The two employees in a stir fry place here in La Candelaria came recently from Venezuela, where one was an attorney and the other had some small businesses. A street musician whom I knew more than a dozen years ago in Caracas just showed up in La Candelaria. The other night, I was accosted by two young Venezuelan women selling arepas venezolanas. Apparently desperate, one of them placed her hand fondly on my shoulder just a few minutes after we'd met.

A Venezuelan man and boy ask for money - supposedly for
other Venezuelans - near Bogotá's Plaza Bolivar.
Colombia, which for decades sent millions of its people overseas, is now being inundated by immigrants from oil-rich Venezuela - which until not long ago was the economic envy of the rest of the continent.

The reasons are obvious: Venezuela's incompetent, increasingly authoritarian government, has caused the economy to contract nearly 20% and inflation of almost 800%, numbers usually seen only in wartime.

The Caracas Chronicles website calculates that more than 70,000 Venezuelans have come to Colombia - but nobody knows for sure, since many undoubtedly cross the border illegaly.

Venezuelans are a godsend for this year's bumper coffee crop, which is short of pickers. And I suspect that they're also helping collect Colombia's record crop of coca leaves.

According to this graph from the Caracas Chronicles blog,
the number of Venezuelans fleeing their nation far exceeds the
number of refugees crossing the Meditarrean to Europe.
The wave of foreigners has inevitably generated tensions. The two young arepa sellers talked about minor confrontations on the bus, and said that street merchants insulted and harrassed them. Undoubtedly, low income Colombians feel threatened by the wave of cheap labor. Even Colombian prostitutes have complained that Venezuelans are invading their industry, offering services at cut-rated prices.

What will happen? Venezuelan Pres. Nicolas Maduro seems determined to continue his disastrous economic policies, and shows no sign of sharing power with the oppisition.
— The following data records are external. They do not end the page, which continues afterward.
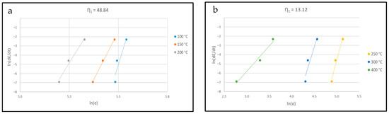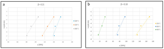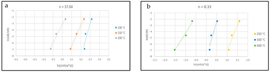 In order to obtain n, this part of the σ–ε curves has been reported in a log scale, and the slope of the obtained linear correlation was measured, as shown in Figure 8a–c, for the sample deformed at 100 °C, 150 °C, and 200° C—0.1 s−1. Linear correlation between log(σ) and log(ε) was found only for the compression curves at 100 °C–150 °C and 200 °C.
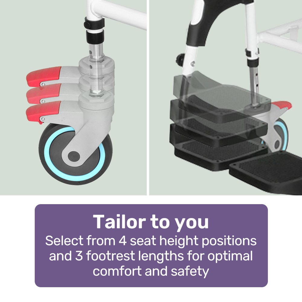 The 5-inch solid tyres roll smoothly and have 360 degree motion. The easy-to-use brake pedals lock the wheels, so the chair remains stable getting on and off of it, and makes it convenient room-to-room transportation.
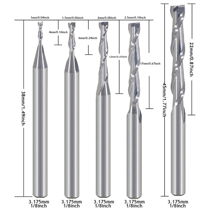 HOZLY CNC Router Bits Set 1/8" Shank CNC Bit End Mill Flat Nose Carbide Endmill Two Flute Spiral Upcut Milling Cutter Tool Set (CED :1mm 1.5mm 2.0mm 2.5mm 3.175mm) for Wood PVC MDF Hardwood

So, Venezuela will likely continue its economic tailspin, and possibly end up in some sort of civil war.

Expect the Venezuelans to keep coming.

Many thousands of Venezuelans pack Bogotá's Plaza Bolivar
during a recent vote arranged by that country's
opposition parties.
Update: A young Venezuelan woman waiting tables in a restaurant around the corner described to me a series of crimes in her country, including one when assailants threatened to shoot her dog unless she handed over valuables. She has two college degrees and back in Caracas worked in media production. Economically, she was getting by, but the crime epidemic terrified her. Via Whatsapp, she just learned that some 20 people in her community had been kidnapped in recent weeks. Those are 'express kidnappings,' in which the victim is taken to some poor neighborhood and held there until relatives deliver the ransom in euros, dollars or gold.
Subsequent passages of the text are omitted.